In this particular example, system-on-chip 700 includes processor cores 702 and memory 704. Memory 704 may include any suitable type of memory, such as volatile memory (e.g., DRAM), non-volatile memory (e.g., flash), cache, and the like. For example, memory 704 may comprise memories 112-1-112-N in FIG. 1. In the context of this disclosure, memory 704 is implemented as a storage medium, and does not include transitory propagating signals or carrier waves. Memory 704 can store data and processor-executable instructions of system-on-chip 700, such as operating system 708 and other applications. Processor cores 702 may execute operating system 708 and other applications from memory 704 to implement functions of system-on-chip 700, the data of which may be stored to memory 706 for future access. For example, processor cores may comprise baseband processors 110-1-110-N in FIG. 1, and implement modem functions. System-on-chip 700 may also include I/O logic 710, which can be configured to provide a variety of I/O ports or data interfaces for off-chip communication.

System-on-chip 700 also includes interconnect ring busses 206-1-206-2 and interconnect nodes 215-1-216-M which may be configured as a dual interconnect ring bus as illustrated in FIG. 2 and FIG. 3 to route data among processors connected to the interconnect nodes 215-1-215-M. For example, processors comprising processor cores 702 may be connected to interconnect nodes 215-1-215-M using interconnect ring busses 206-1-206-2 to form a bi-directional, dual interconnect ring that routes data to the processors to implement functions of a modem.

System-on-chip 700 also includes analog RF circuitry 102 and baseband circuitry 104, which may be embodied separately or combined with other components described herein. For example, baseband circuitry 104 may be connected to interconnect ring busses 206-1-206-2 via a node, such as nodes 215-1-215-M, to implement functions of a modem concurrently or in combination with processors comprising processor cores 702. Alternately or additionally, baseband circuitry 104 and the other components can be implemented as hardware, firmware, fixed logic circuitry, or any combination thereof that is implemented in connection with interconnect ring busses 206-1-206-2 and/or other signal processing and control circuits of system-on-chip 700.

In one or more exemplary embodiments, the functions described may be implemented in hardware, software, firmware, or any combination thereof. If implemented in software, functions may be stored on a computer-readable storage medium (CRM). In the context of this disclosure, a computer-readable storage medium may be any available medium that can be accessed by a general-purpose or special-purpose computer that does not include transitory propagating signals or carrier waves. By way of example, and not limitation, such media can comprise RAM, ROM, EEPROM, CD-ROM or other optical disk storage, magnetic disk storage, or other magnetic storage devices, or any other non-transitory medium that can be used to carry or store information that can be accessed by a general-purpose or special-purpose computer, or a general-purpose or special-purpose processor. The information can include any suitable type of data, such as computer readable instructions, sampled signal values, data structures, program components, or other data. These examples, and any combination of storage media and/or memory devices, are intended to fit within the scope of non-transitory computer-readable media. Disk and disc, as used herein, includes compact disc (CD), laser disc, optical disc, digital versatile disc (DVD), floppy disk and Blu-ray disc where disks usually reproduce data magnetically, while discs reproduce data optically with a laser. Combinations of the above should also be included within the scope of computer-readable media.

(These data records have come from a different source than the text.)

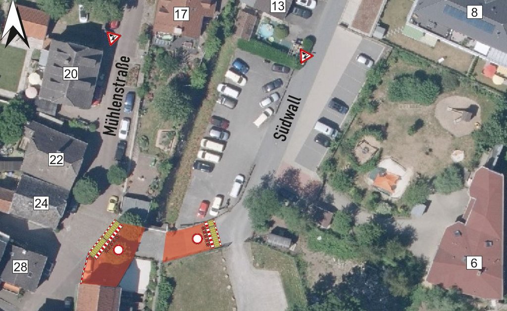 So wird es auch keine fußläufige Verbindung mehr vom Südwall in die Mühlenstraße und umgekehrt geben. Der Durchgang und die Durchfahrt über die Brücke über den Mühlenstrang sind nämlich gesperrt. Auf den gesperrten Flächen wird ein Kran aufgebaut werden bzw. wird Material gelagert – beides allerdings nicht direkt auf der Brücke. Die Maßnahme soll bis zum 31. Mai 2022 dauern.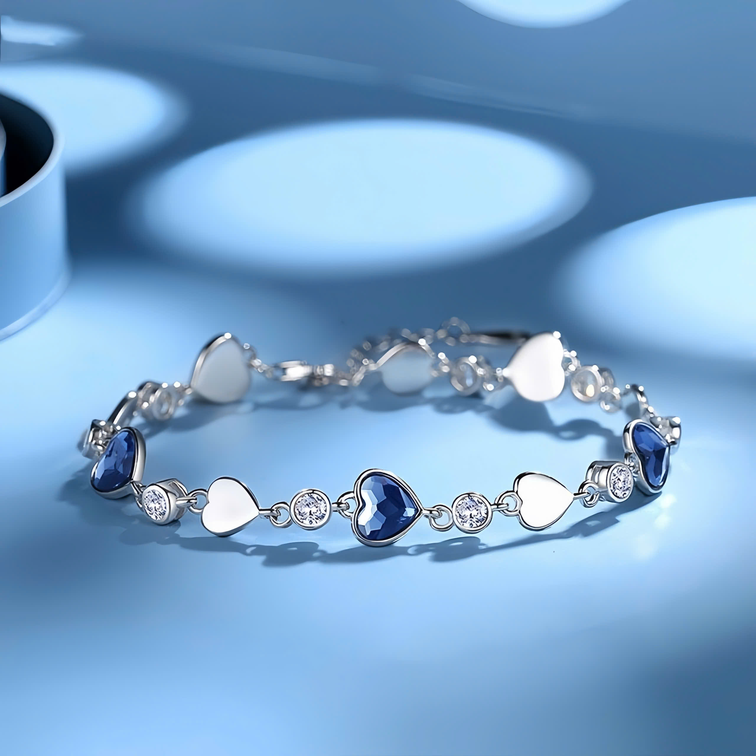Thiết kế nổi bật với những viên đá CZ xanh ánh biển cắt giác dạng trái tim, xen kẽ các trái tim bạc mềm mại và đá trắng lấp lánh, tạo nên tổng thể tinh tế và đầy nữ tính. Hình trái tim tượng trưng cho tình yêu, sự gắn kết và vẻ đẹp ngọt ngào, trong khi sắc xanh biển mang ý nghĩa bình yên, sâu sắc và niềm tin vững bền.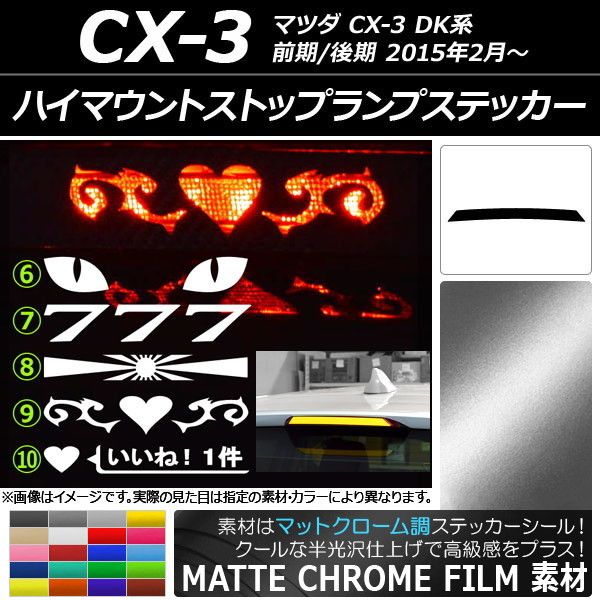 ハイマウントストップランプステッカー マットクローム調 マツダ CX-3 DK系 前期/後期 2015年02月〜 選べる20カラー タイプグループ2 AP-MTCR3372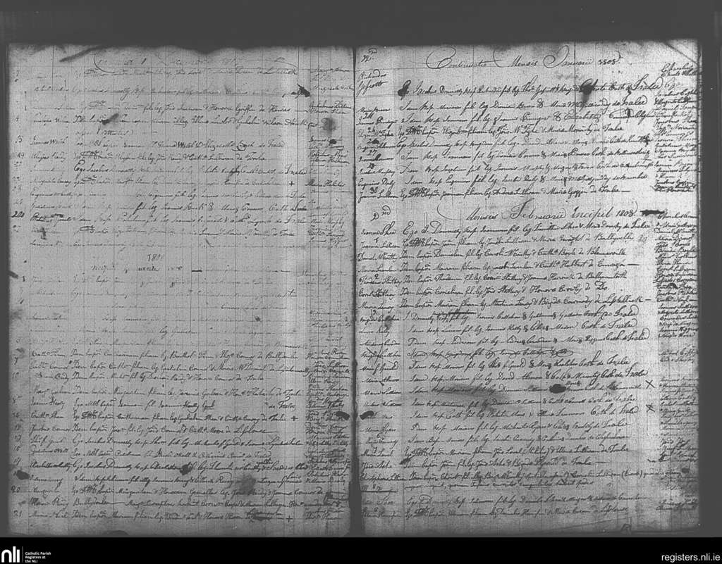 Tralee; County of Kerry; Diocese of Kerry. Baptisms, Dec. 1807 to Feb. 1808

Firmware components include electronic components with programmable memory configured to store executable instructions that direct the electronic component how to operate. In some cases, the executable instructions stored on the electronic component are permanent, while in other cases, the executable instructions can be updated and/or altered. At times, firmware components can be used in combination with hardware components and/or software components.

The term “component”, “module”, and “system” are indented to refer to one or more computer related entities, such as hardware, firmware, software, or any combination thereof, as further described above. At times, a component may refer to a process and/or thread of execution that is defined by processor-executable instructions. Alternately or additionally, a component may refer to various electronic and/or hardware entities.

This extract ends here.